Now let's create the new dataframe and display the top 20 venues for each station.

In [70]:
num_top_venues = 20

indicators = ['st', 'nd', 'rd']

# create columns according to number of top venues
columns = ['Station']
for ind in np.arange(num_top_venues):
    try:
        columns.append('{}{} Most Common Venue'.format(ind+1, indicators[ind]))
    except:
        columns.append('{}th Most Common Venue'.format(ind+1))

# create a new dataframe
neighborhoods_venues_sorted = pd.DataFrame(columns=columns)
neighborhoods_venues_sorted['Station'] = stations_grouped['Station']

for ind in np.arange(stations_grouped.shape[0]):
    neighborhoods_venues_sorted.iloc[ind, 1:] = return_most_common_venues(stations_grouped.iloc[ind, :], num_top_venues)
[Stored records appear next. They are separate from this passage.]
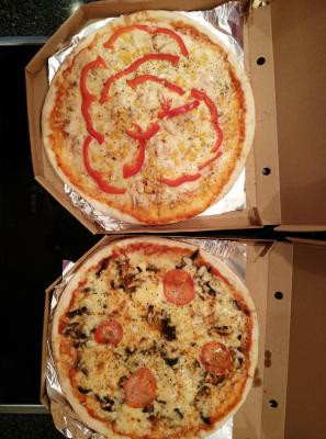 Состав: тесто, помидорная смесь, моцарелла, курица, цукини, шампиньоны, соус карри, масло чесночное, специи
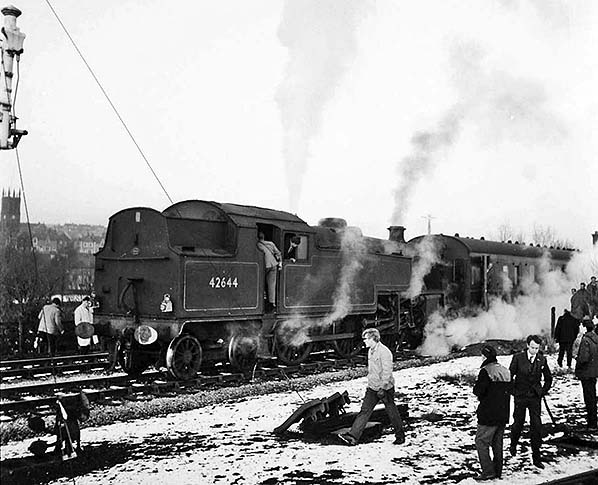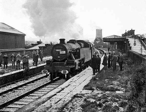 Photo ftom John Mann collection ![]() The Locomotive Club of Great Britain The Rossendale Forester rail tour stands at Padiham station on a cold frosty and snowy day 3 December 1966. A few enthusiasts gather on both platforms to take pictures. On the right is the down (eastbound) platform and on the left the up one. The photo was taken from the Rose Grove eastern end of the down platform. The two cooling towers of the power station can be seen in the distance. By this date the down line had been cut back to just beyond the platform area on the western end, and the up line (although closed) west of Padiham was still extant all the way along the loop line. The engine is 42644 a class 4P 2-6-4 tank engine which has just come up from the power station.
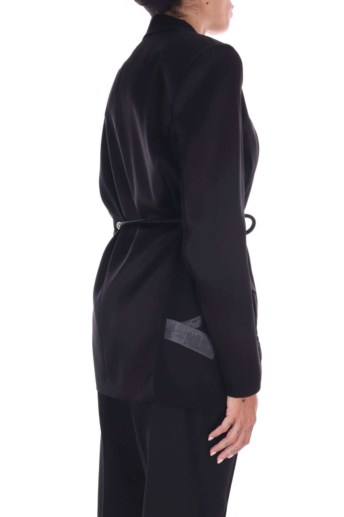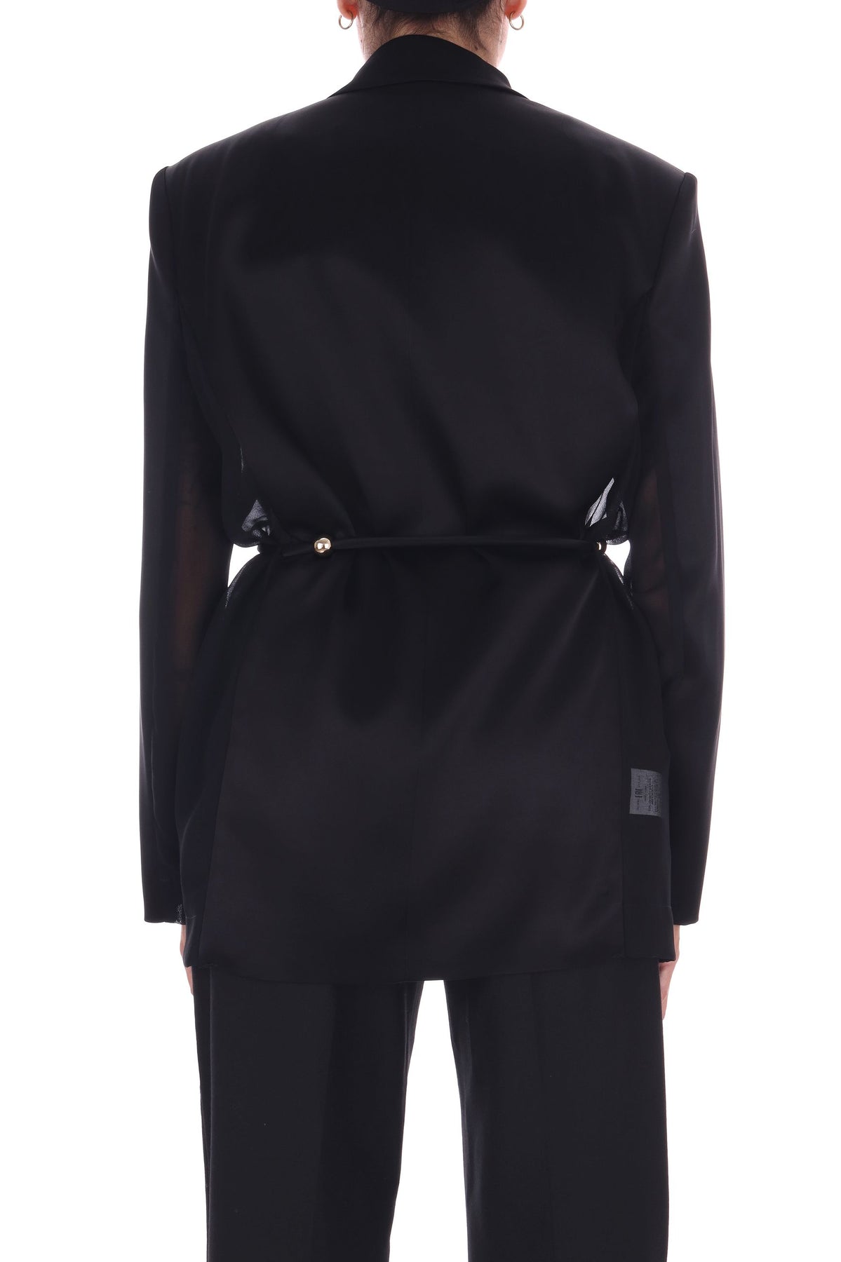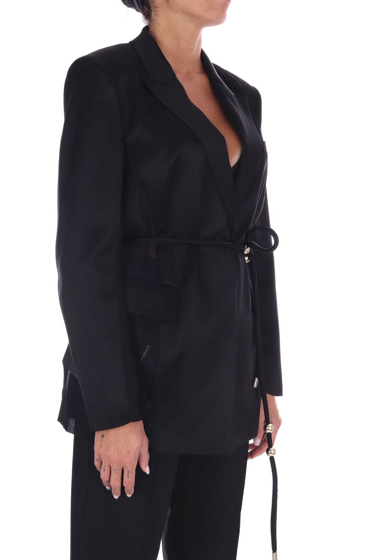 Blazer sfiancato unisce eleganza e modernità con dettagli raffinati. Le tasche frontali e la cintura in stile trekking con boule di metallo definiscono la vita, mentre le trasparenze su corpo e maniche aggiungono un tocco di sensualità discreta. Il raso lucido dona una brillantezza unica e una morbidezza al tatto, rendendo il capo perfetto per dare risalto a ogni outfit da occasione speciale. Un must-have essenziale per chi desidera distinguersi con stile.

neighborhoods_venues_sorted.head()

Unnamed: 0,Station,1st Most Common Venue,2nd Most Common Venue,3rd Most Common Venue,4th Most Common Venue,5th Most Common Venue,6th Most Common Venue,7th Most Common Venue,8th Most Common Venue,9th Most Common Venue,...,11th Most Common Venue,12th Most Common Venue,13th Most Common Venue,14th Most Common Venue,15th Most Common Venue,16th Most Common Venue,17th Most Common Venue,18th Most Common Venue,19th Most Common Venue,20th Most Common Venue
0,Artarmon Station,Café,Thai Restaurant,Japanese Restaurant,Plaza,Ramen Restaurant,Bakery,Sushi Restaurant,BBQ Joint,Furniture / Home Store,...,Park,Sandwich Place,Coffee Shop,Motel,Convenience Store,Pizza Place,Farmers Market,Fast Food Restaurant,Fish Market,Flea Market
1,Ashfield Station,Dumpling Restaurant,Platform,Japanese Restaurant,Shanghai Restaurant,Electronics Store,Asian Restaurant,Chinese Restaurant,Supermarket,Malay Restaurant,...,Sushi Restaurant,Department Store,Polish Restaurant,Bakery,Pub,Falafel Restaurant,Restaurant,Bubble Tea Shop,Café,Bar
2,Bankstown Station,Vietnamese Restaurant,Café,Sports Bar,Middle Eastern Restaurant,Buffet,Gym,Chinese Restaurant,Steakhouse,Asian Restaurant,...,Italian Restaurant,Shopping Mall,Burger Joint,Sandwich Place,Bus Station,Portuguese Restaurant,Record Shop,Multiplex,Pizza Place,Coffee Shop
3,Burwood Station,Café,Noodle House,Chinese Restaurant,Supermarket,Fast Food Restaurant,Japanese Restaurant,Coffee Shop,Department Store,Salad Place,...,Middle Eastern Restaurant,Cantonese Restaurant,Big Box Store,Sandwich Place,Pub,Multiplex,Fried Chicken Joint,Hookah Bar,Optical Shop,Ice Cream Shop
4,Campsie Station,Malay Restaurant,Chinese Restaurant,Korean Restaurant,Liquor Store,Fried Chicken Joint,Fast Food Restaurant,Shopping Mall,Sushi Restaurant,Bus Station,...,Gym,Department Store,Vietnamese Restaurant,Pharmacy,Japanese Restaurant,Duty-free Shop,Farmers Market,Flea Market,Dim Sum Restaurant,Fish Market


#### 4.2 Cluster Stations by Similiar Surrounding

Using *k*-mean clustering to put each train stations in a cluster. Stations should have high similarity with others within it. Run cluster the stations into 5 clusters.

In [71]:
# set number of clusters
kclusters = 5

stations_grouped_clustering = stations_grouped.drop('Station', 1)

# run k-means clustering
kmeans = KMeans(n_clusters=kclusters, random_state=0).fit(stations_grouped_clustering)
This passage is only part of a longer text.